(Data extracted from a collection)
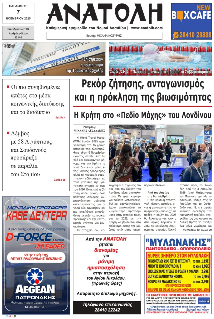 Πρωτοσέλιδο εφημερίδας “Ανατολή” 7/11/2025
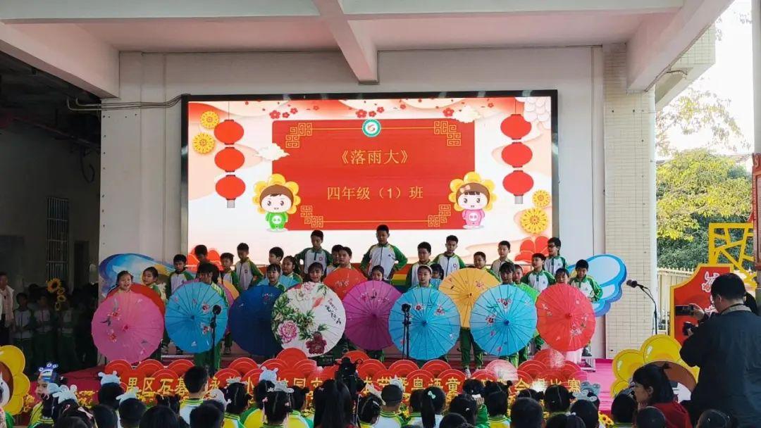 学校太阳花合唱团带来经典粤语童谣《月光光》,把大家带回儿时美好的回忆;四年级一班带来表演《落雨大》,雨伞在雨中争相开放,仿佛春天百花齐放的景象,把广东雨天的美景展现得淋漓尽致;六年级一班唱响新年歌曲《欢乐年年》,为全场人员送上热烈的新年祝福。
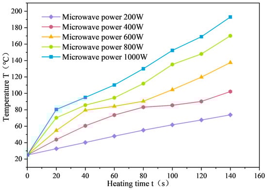 As the microwave power increases, the rate of temperature rise () of emulsified asphalt mixture specimens continues to increase. When the microwave power is 200 W, 400 W, 600 W, 800 W, and 1000 W, the temperature change () of the specimen heated for 140 s is 48.9 °C, 77.2 °C, 112.5 °C, 145.1 °C, and 168 °C, respectively.
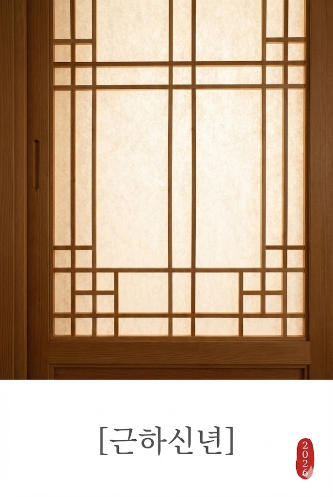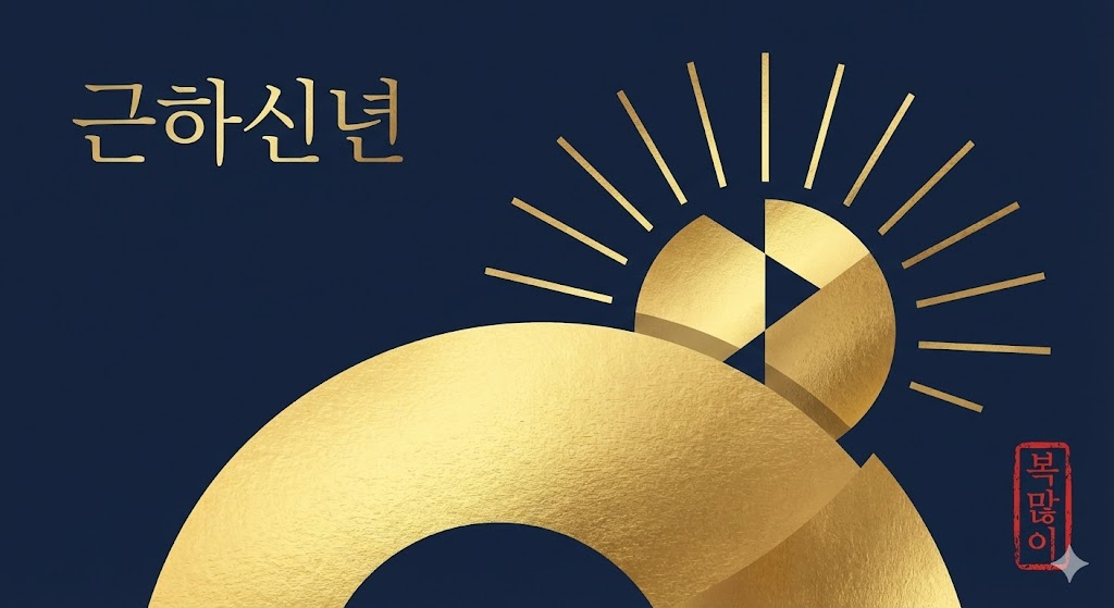 Greeting Text: In a clean, negative space, the greeting text "[근하신년]" is written in an elegant font.
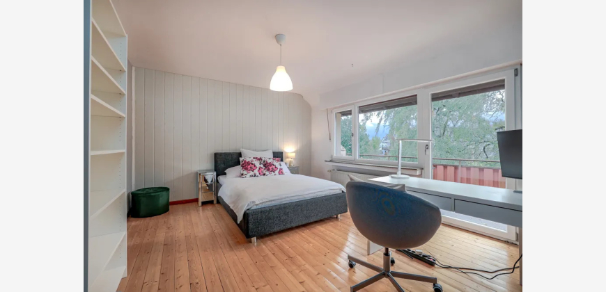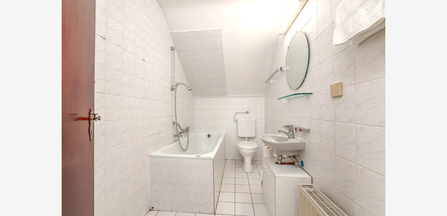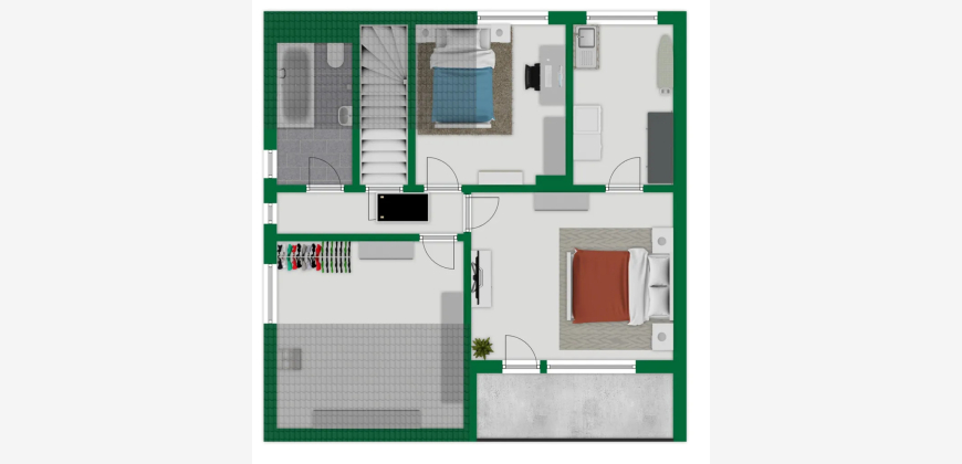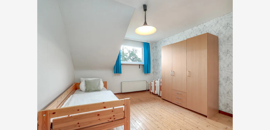 Im Obergeschoss befindet sich ein großes Schlafzimmer mit direktem Zugang zu einem weiteren Balkon. Ein kleineres Zimmer, derzeit als Küche genutzt, kann flexibel umgestaltet werden. Zwei weitere Zimmer sowie ein vollwertiges Badezimmer komplettieren diese Ebene.
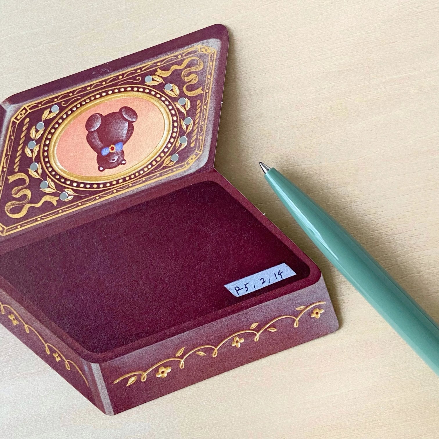 くまとジュエリーボックスをイメージしたチョコレート缶を描いたメッセージカード。
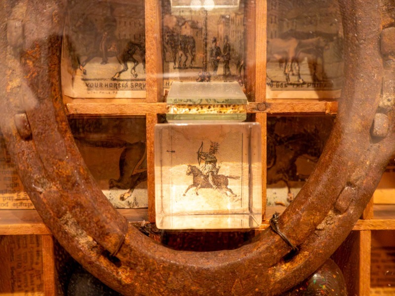 《パットナム・ネイル》は古いニューヨークの馬車文化から着想を得た作品。馬車がコラージュされ、格子状の部屋のような構造の中に、ボールなどが入っています。
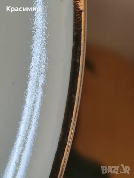 Следи от употреба , под формата на фини драскотини. Чукната на ръба от долу.
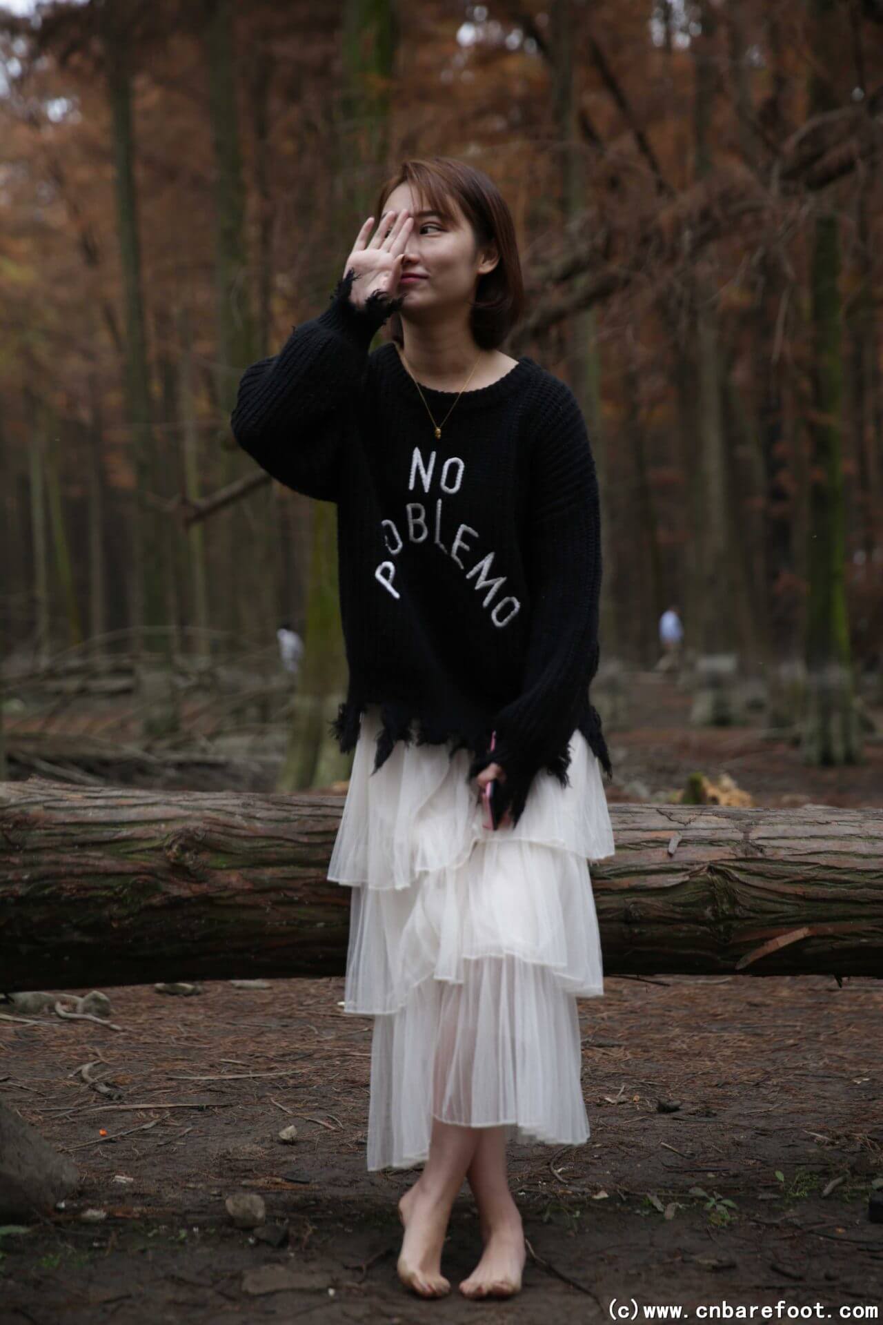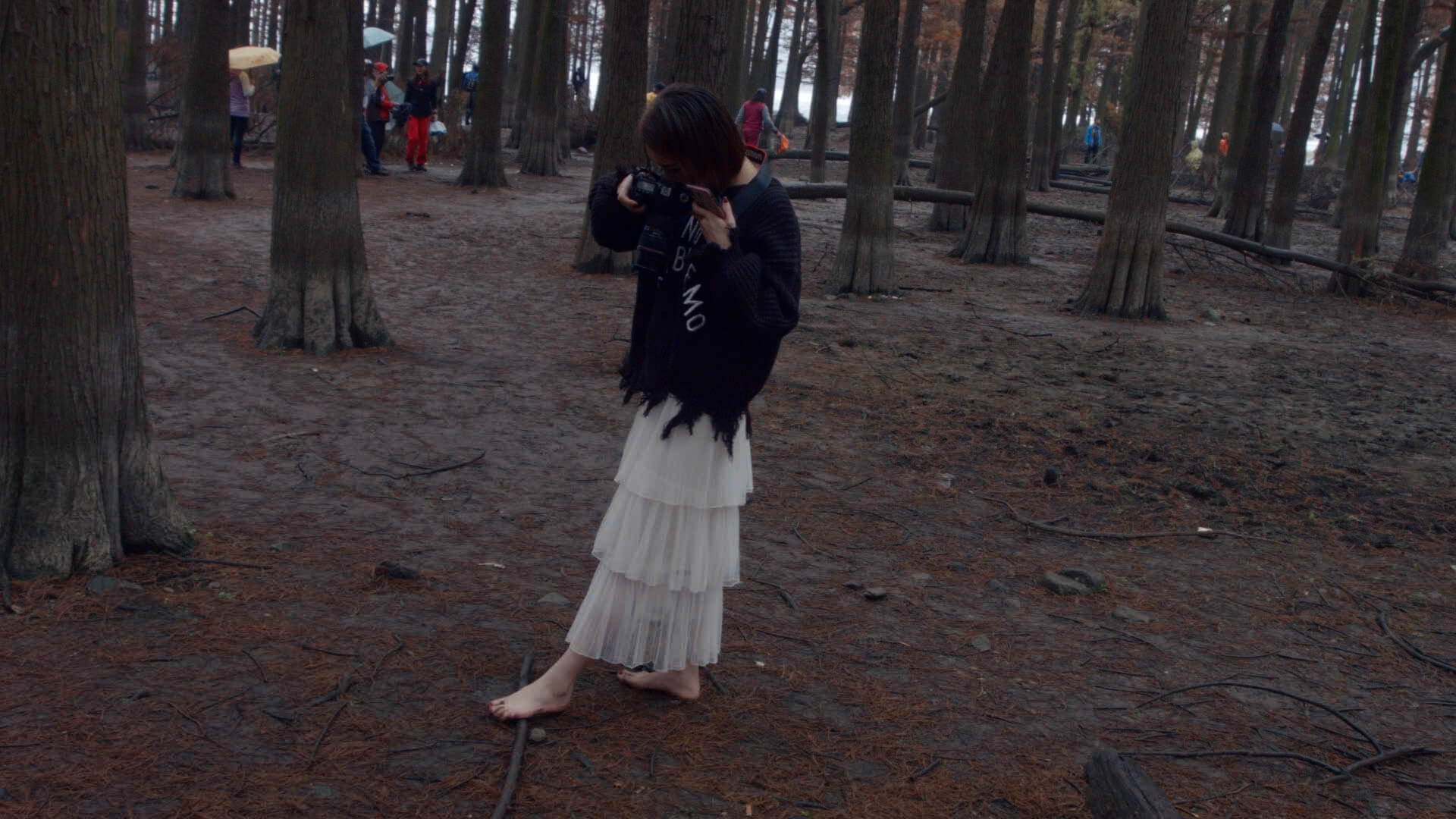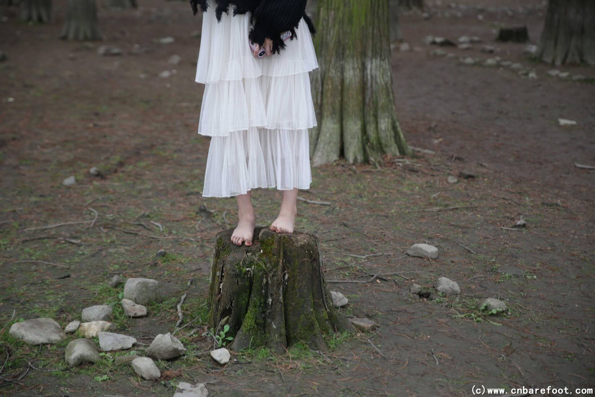 果果が裸足で冬のメタセコイア林を歩き、湿った土が足の指の間に入り込む。彼女は浅い水たまりにそっと足を踏み入れ、冷たい水が彼女の足の指を流れ、一陣の寒さをもたらす。林の中の空気は清々しく湿っており、周囲は静寂で、彼女の足音と土のわずかな摩擦音だけが林中に響き渡る。果果は大自然の純粋さと冬の寒さを感じ、この静かな森の中での独特な体験を楽しむ。
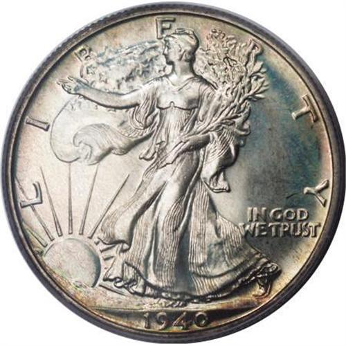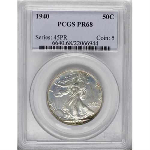 <B>1940 50C PR68 PCGS. CAC.</B></I> Pastel lemon-gold, cherry-red, and lime-green graces the peripheries of this intricately struck Superb Gem. The satiny fields are gloriously pristine, and the eye appeal is outstanding. A finer proof Walking Liberty half can hardly be imagined. Population: 31 in 68, 0 finer (11/07).<BR><I>From The Kallenberg #1 PCGS Registry Set Of Proof Half Dollars.</B></I><BR><BR><B>Coin Engraver:</B> Adolph A. Weinman<BR><BR><b>Shipping:</b> Coins & Currency (<a target="_blank" href="http://www.heritageauctions.com/common/shipping.php">view shipping information</a>)
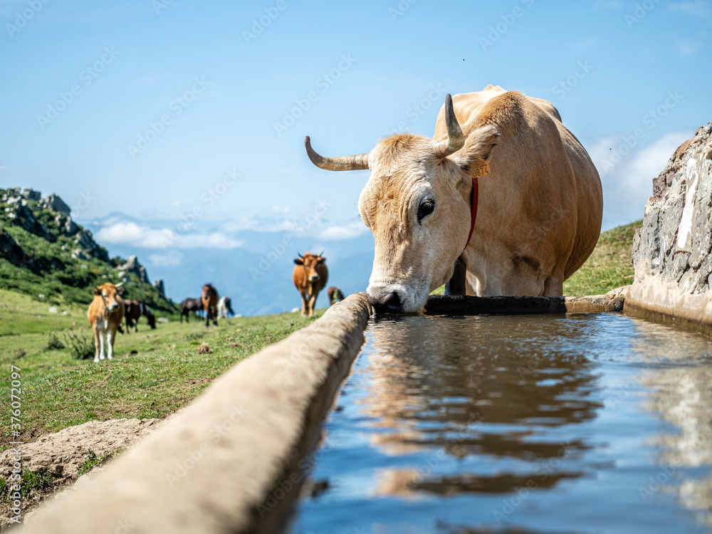 Vaca abrevando en el monte
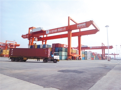 图为一辆货车正在宜宾港装运集装箱。本报记者 王俊岭摄
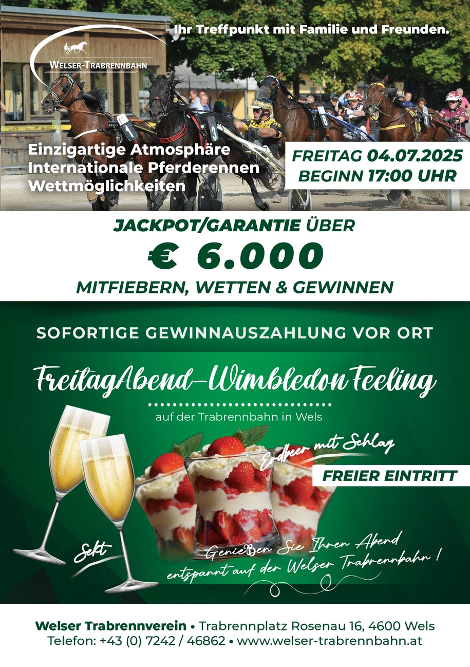 Am Freitag, 04. Juli 2025 um 17:00 Uhr - findet der fünfte Renntag bei freiem Eintritt - auf der Welser Trabrennbahn (Rosenau 16, 4600 Wels) statt.
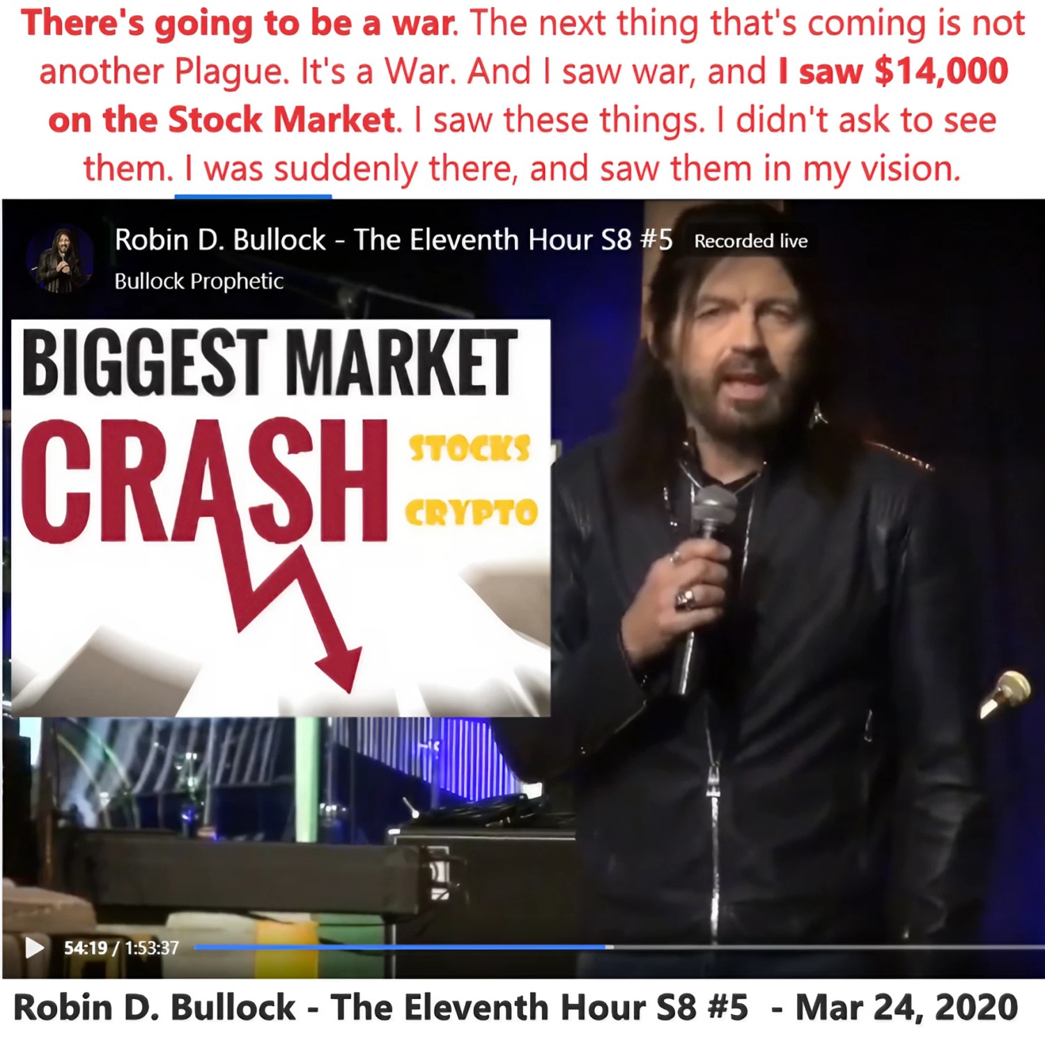 “I saw War, and I saw 14,000 on the Stock Market” prophetic word given by Robin D Bullock 3 years ago on 3/24/2020. See partial transcript and video link below:

• **Your objective**: Set down word for word every line from the line containing "图为一辆货车正在宜宾港装运集装箱。本报记者 王俊岭摄" through the last line of the entries, and nothing more; no pictures.

• **Written solution**:
 图为一辆货车正在宜宾港装运集装箱。本报记者 王俊岭摄
 Am Freitag, 04. Juli 2025 um 17:00 Uhr - findet der fünfte Renntag bei freiem Eintritt - auf der Welser Trabrennbahn (Rosenau 16, 4600 Wels) statt.
 “I saw War, and I saw 14,000 on the Stock Market” prophetic word given by Robin D Bullock 3 years ago on 3/24/2020. See partial transcript and video link below:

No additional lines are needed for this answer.